On 6/18/23 05:38, ToddAndMargo via perl6-users wrote:
Hi All,
I know how to do this with several regex's and words.
What I'd like to learn is how to remove something
from the middle with regex using a wild card.
And I can't figure it out
#!/bin/raku
print "\n";
my Str $x = Q[wine-7.12-3.fc37.i686.rpm</a> 23-Jul-2022 19:11 11K <a
href="wine-7.12-3.fc37.x86_64.rpm];
print "1 [$x]\n\n";
$x~~s/ $( Q[</a>] ) * $( Q[a href="] ) / /;
print "2 [$x]\n\n";
1 [wine-7.12-3.fc37.i686.rpm</a> 23-Jul-2022 19:11 11K <a
href="wine-7.12-3.fc37.x86_64.rpm]
2 [wine-7.12-3.fc37.i686.rpm</a> 23-Jul-2022 19:11 11K <
wine-7.12-3.fc37.x86_64.rpm]
My goal is to have `2` print the following out
wine-7.12-3.fc37.i686.rpm wine-7.12-3.fc37.x86_64.rpm
Many thanks,
-T
> On 6/18/23 12:10, Joseph Brenner wrote:
References: <d183015a-d171-3352-81f1-28a86e15e...@zoho.com>
Try something like this, perhaps:
$x ~~ s:i/ ^ (.*?) '</a>' .*? '<a href="' (.*?) $ /$0 $1/;
Some explanations:
s:i
The :i modifier makes it case insensitive, so data with upper-case
html won't break things.
In general, you want to break it down into chunks, and just keep the
chunks you want.
^ begin matching at the start of the string
(.*?) match anything up to the next pattern, *and* capture it to a variable
'...' I'm using single quotes on the literal strings
$ match all the way to the end of the string.

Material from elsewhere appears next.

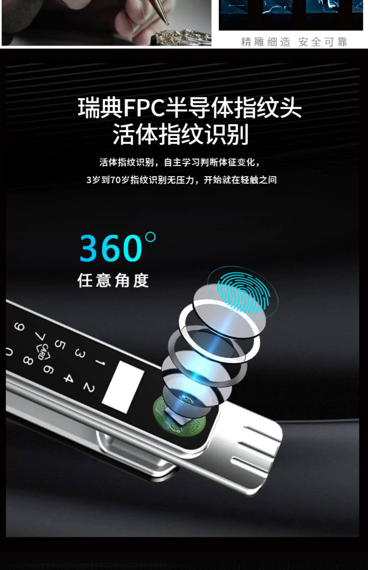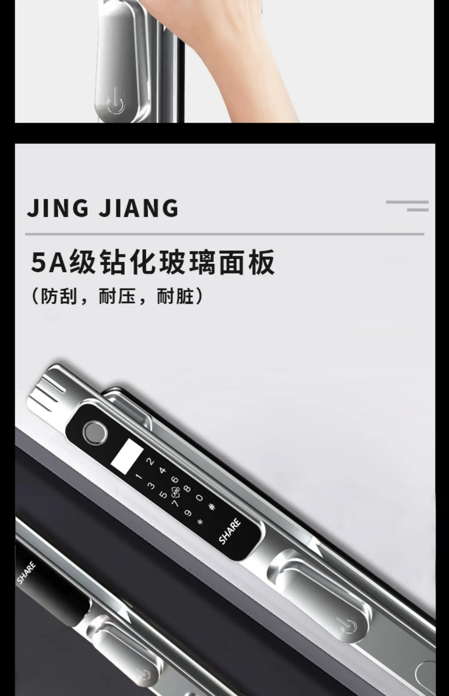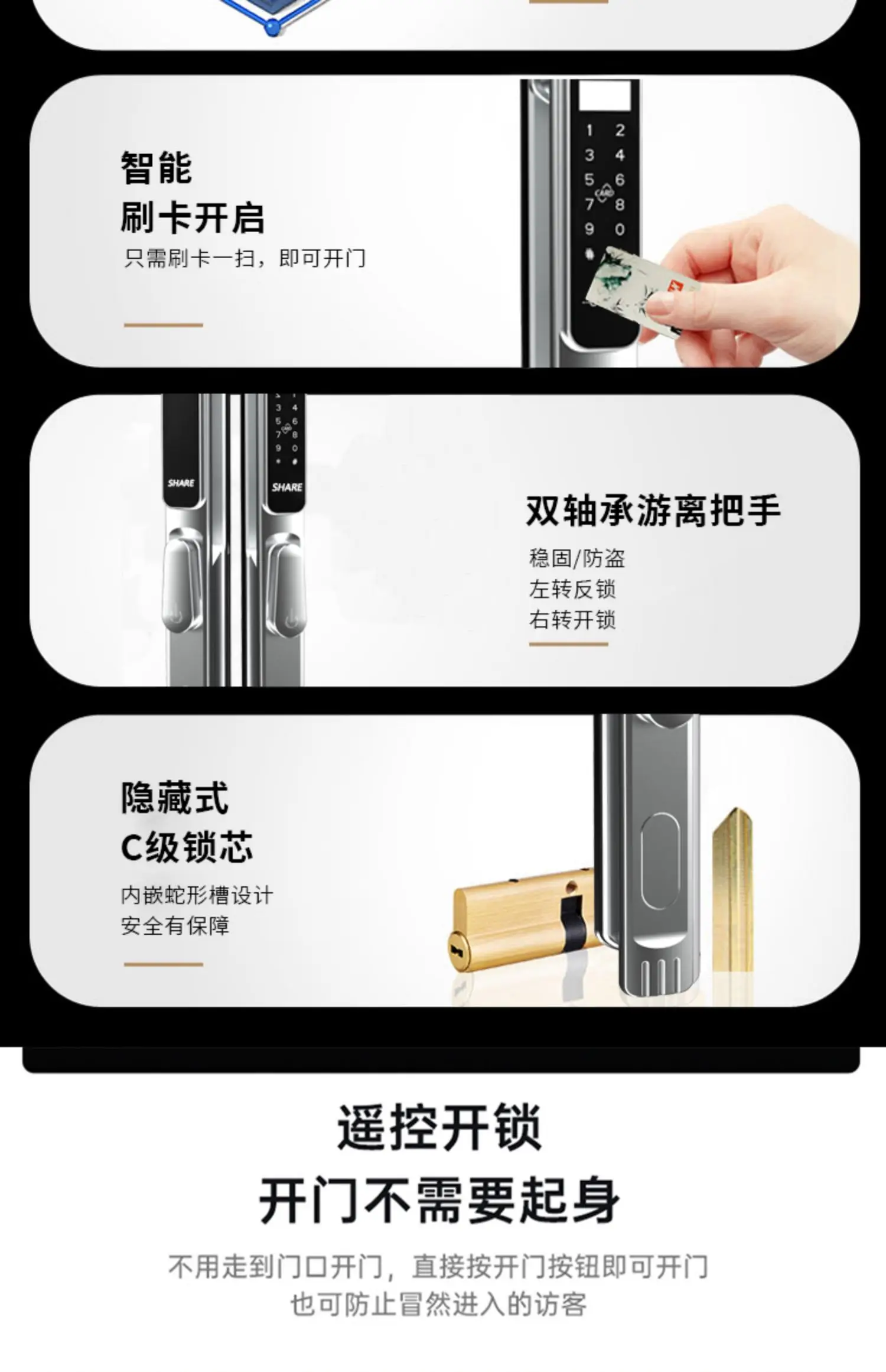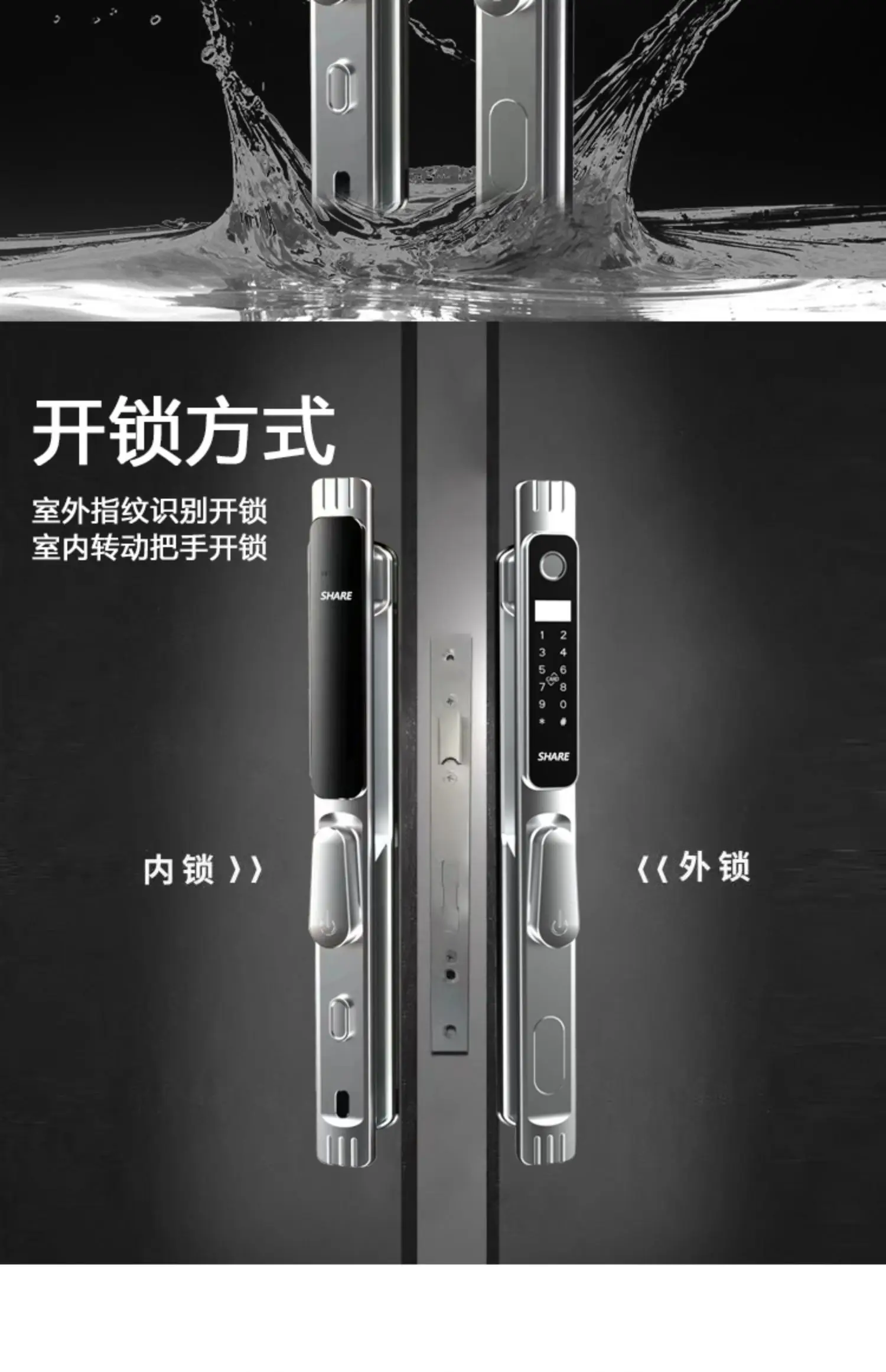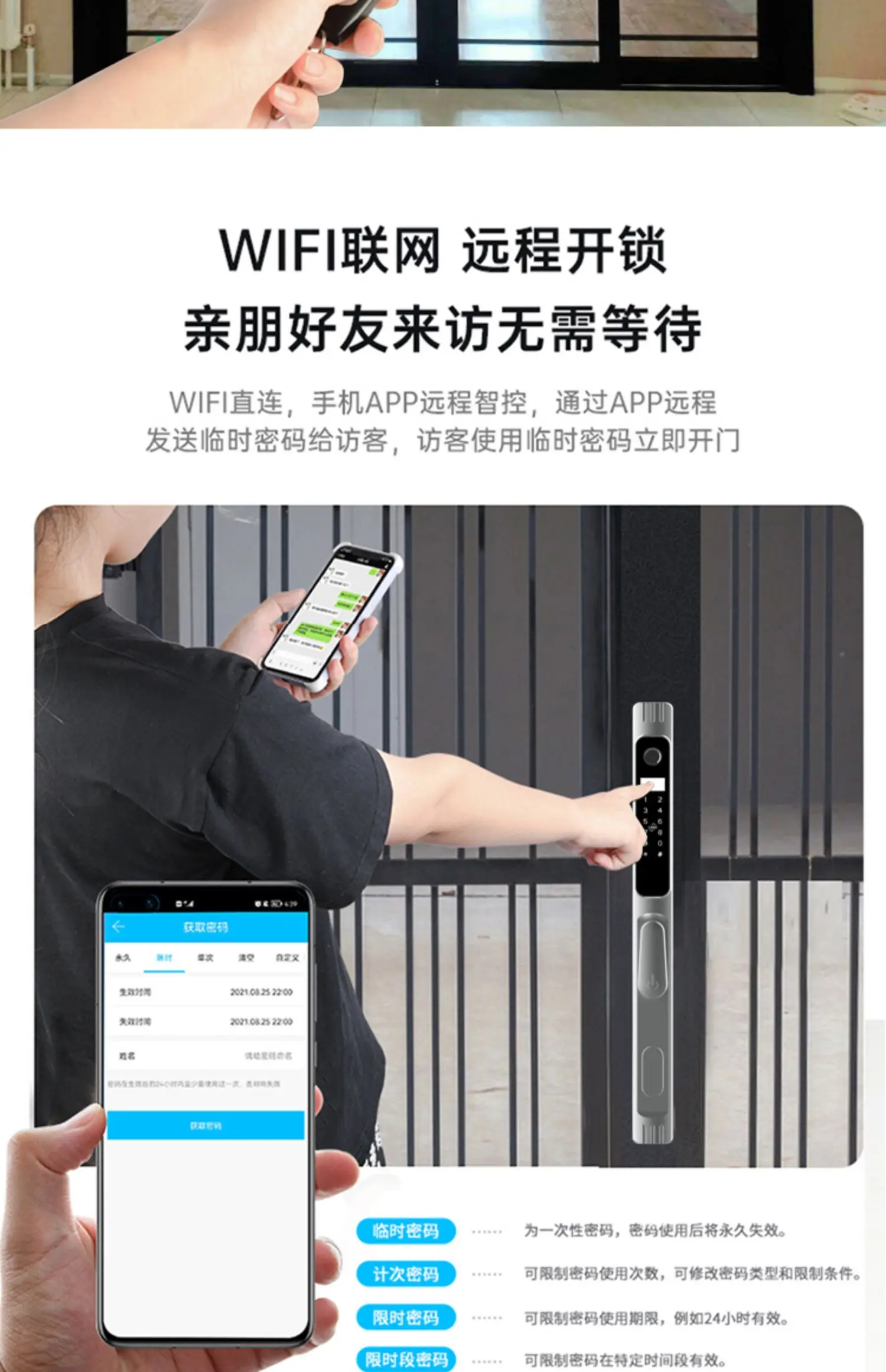 Fingerprint lock big handle villa courtyard door double-sided lock narrow side sliding door intelligent lock waterproof

Pinning the match with ^ and $ means a s/// will replace the entire string.
There are two captures, so they load $0 and $1, and here we're using
them in the replace string: s/.../$0 $1/
Hi Joseph,
Right under my nose! Thank you.
This is my test program:
<RegexTest.pl6>
#!/bin/raku
print "\n";
my Str $x = Q[<a
href="wike-2.0.1-1.fc38.noarch.rpm">wike-2.0.1-1.fc38.noarch.rpm</a>
27-Apr-2023 01:53 143K] ~
Q[<a
href="wine-8.6-1.fc38.i686.rpm">wine-8.6-1.fc38.i686.rpm</a>
19-Apr-2023 21:48 11K] ~
Q[<a
href="wine-8.6-1.fc38.x86_64.rpm">wine-8.6-1.fc38.x86_64.rpm</a>
19-Apr-2023 21:48 11K] ~
Q[<a
href="wine-alsa-8.6-1.fc38.i686.rpm">wine-alsa-8.6-1.fc38.i686.rpm</a>
19-Apr-2023 21:48 223K];
$x~~m:i/ .*? ("wine") (.*?) $(Q[">] ) .*? $( Q[a href="] ) (.*?)
( $(Q[">] ) ) /;
print "0 = <$0>\n1 = <$1>\n2 = <$2>\n\n";
my Str $y = $0 ~ $1 ~ " " ~ $2;
print "$y\n\n";
</RegexTest.pl6>
$ RegexTest.pl6
0 = <wine>
1 = <-8.6-1.fc38.i686.rpm>
2 = <wine-8.6-1.fc38.x86_64.rpm>
wine-8.6-1.fc38.i686.rpm wine-8.6-1.fc38.x86_64.rpm
An aside: /$0$1 $2/ did not work in (so I switched to "m")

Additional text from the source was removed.